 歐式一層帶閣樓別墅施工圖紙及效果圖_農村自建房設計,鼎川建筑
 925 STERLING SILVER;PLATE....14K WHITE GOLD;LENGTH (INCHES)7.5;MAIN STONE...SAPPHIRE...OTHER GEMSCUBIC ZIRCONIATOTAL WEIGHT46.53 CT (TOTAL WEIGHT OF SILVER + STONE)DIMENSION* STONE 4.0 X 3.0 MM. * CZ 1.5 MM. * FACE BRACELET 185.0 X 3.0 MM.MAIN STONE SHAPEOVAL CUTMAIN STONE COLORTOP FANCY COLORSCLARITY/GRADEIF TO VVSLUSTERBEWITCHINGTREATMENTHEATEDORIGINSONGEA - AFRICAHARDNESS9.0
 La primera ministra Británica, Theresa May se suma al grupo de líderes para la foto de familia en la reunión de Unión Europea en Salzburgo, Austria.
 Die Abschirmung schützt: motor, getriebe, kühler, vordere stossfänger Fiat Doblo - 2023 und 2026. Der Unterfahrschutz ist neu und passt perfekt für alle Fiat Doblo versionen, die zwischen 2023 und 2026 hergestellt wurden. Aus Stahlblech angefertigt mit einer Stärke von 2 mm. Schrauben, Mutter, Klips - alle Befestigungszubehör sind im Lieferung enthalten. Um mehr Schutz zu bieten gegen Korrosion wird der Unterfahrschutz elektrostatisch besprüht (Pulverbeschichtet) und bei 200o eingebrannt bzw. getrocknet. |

...

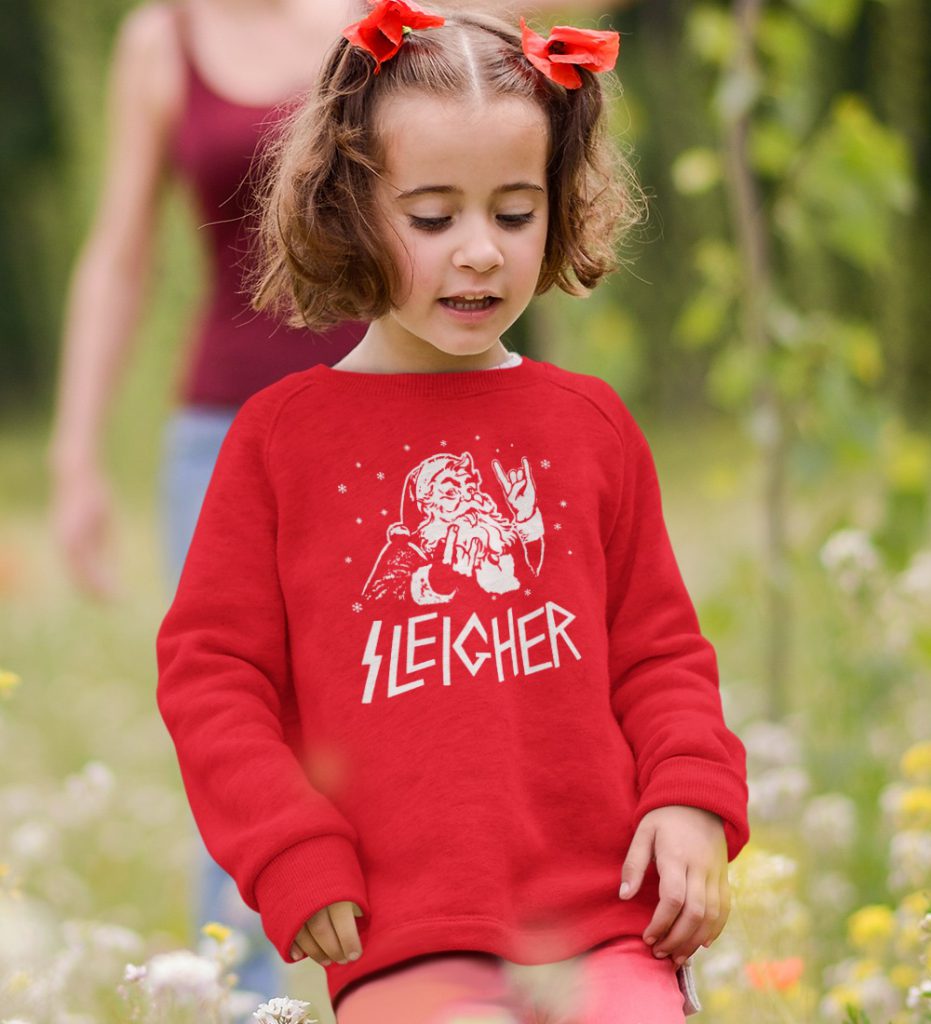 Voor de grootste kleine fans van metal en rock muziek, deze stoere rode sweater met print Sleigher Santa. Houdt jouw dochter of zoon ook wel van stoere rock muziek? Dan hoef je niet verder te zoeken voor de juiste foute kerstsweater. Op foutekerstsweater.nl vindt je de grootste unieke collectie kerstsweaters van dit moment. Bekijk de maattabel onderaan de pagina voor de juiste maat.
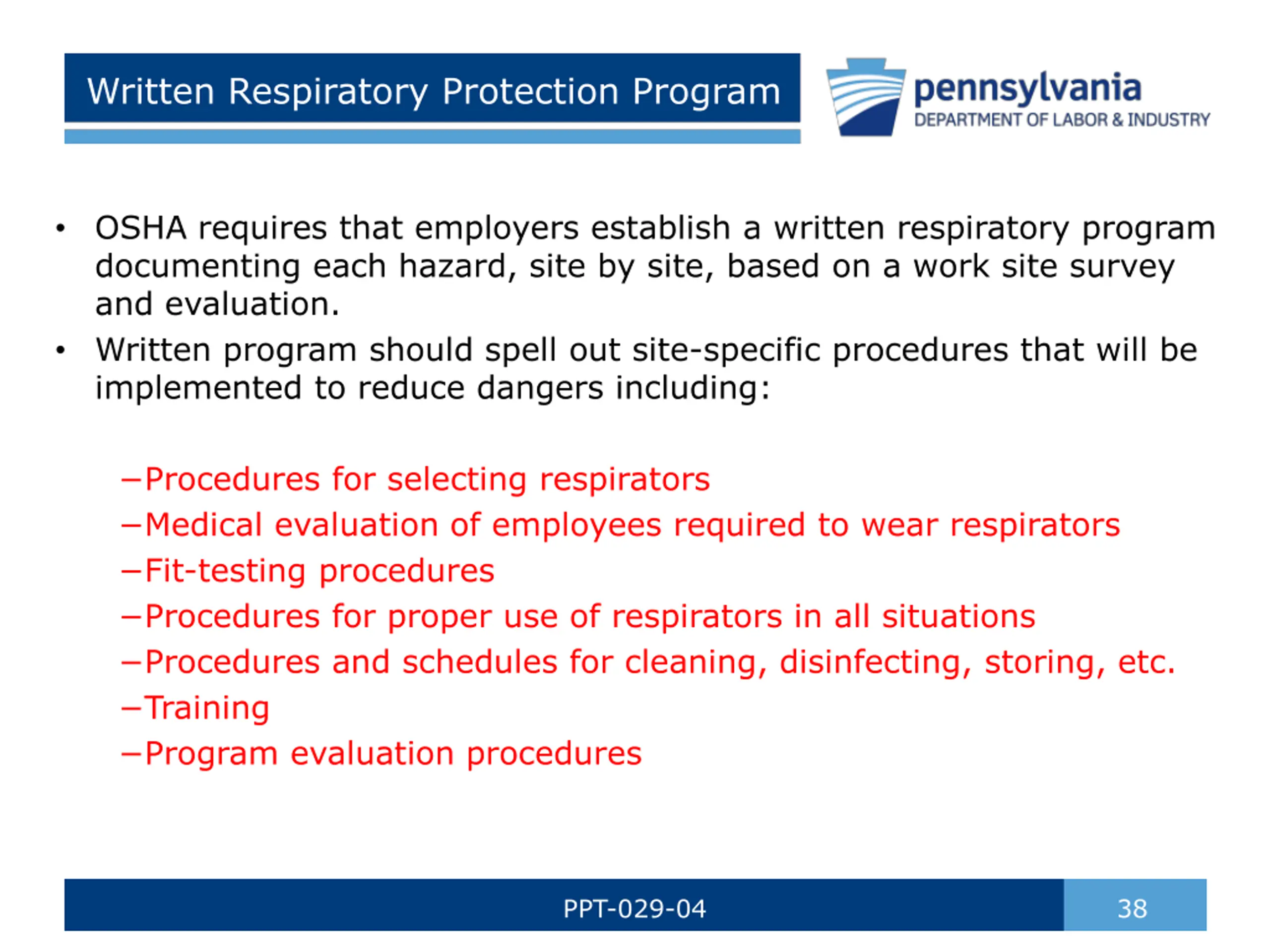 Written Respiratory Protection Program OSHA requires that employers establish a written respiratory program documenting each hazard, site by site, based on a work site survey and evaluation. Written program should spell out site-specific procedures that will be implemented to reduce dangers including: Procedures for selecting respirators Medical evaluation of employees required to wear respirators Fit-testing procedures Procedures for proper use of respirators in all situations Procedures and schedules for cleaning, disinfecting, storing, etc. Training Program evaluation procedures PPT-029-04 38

▸ Exercise instructions:
Send back an exact copy of only the lines from the line with "歐式一層帶閣樓別墅施工圖紙及效果圖_農村自建房設計,鼎川建筑" up to and including the line with "Die Abschirmung schützt: motor, getriebe, kühler, vordere" in the data above.

▸ Response area:
 歐式一層帶閣樓別墅施工圖紙及效果圖_農村自建房設計,鼎川建筑
 925 STERLING SILVER;PLATE....14K WHITE GOLD;LENGTH (INCHES)7.5;MAIN STONE...SAPPHIRE...OTHER GEMSCUBIC ZIRCONIATOTAL WEIGHT46.53 CT (TOTAL WEIGHT OF SILVER + STONE)DIMENSION* STONE 4.0 X 3.0 MM. * CZ 1.5 MM. * FACE BRACELET 185.0 X 3.0 MM.MAIN STONE SHAPEOVAL CUTMAIN STONE COLORTOP FANCY COLORSCLARITY/GRADEIF TO VVSLUSTERBEWITCHINGTREATMENTHEATEDORIGINSONGEA - AFRICAHARDNESS9.0
 La primera ministra Británica, Theresa May se suma al grupo de líderes para la foto de familia en la reunión de Unión Europea en Salzburgo, Austria.
 Die Abschirmung schützt: motor, getriebe, kühler, vordere stossfänger Fiat Doblo - 2023 und 2026. Der Unterfahrschutz ist neu und passt perfekt für alle Fiat Doblo versionen, die zwischen 2023 und 2026 hergestellt wurden. Aus Stahlblech angefertigt mit einer Stärke von 2 mm. Schrauben, Mutter, Klips - alle Befestigungszubehör sind im Lieferung enthalten. Um mehr Schutz zu bieten gegen Korrosion wird der Unterfahrschutz elektrostatisch besprüht (Pulverbeschichtet) und bei 200o eingebrannt bzw. getrocknet. |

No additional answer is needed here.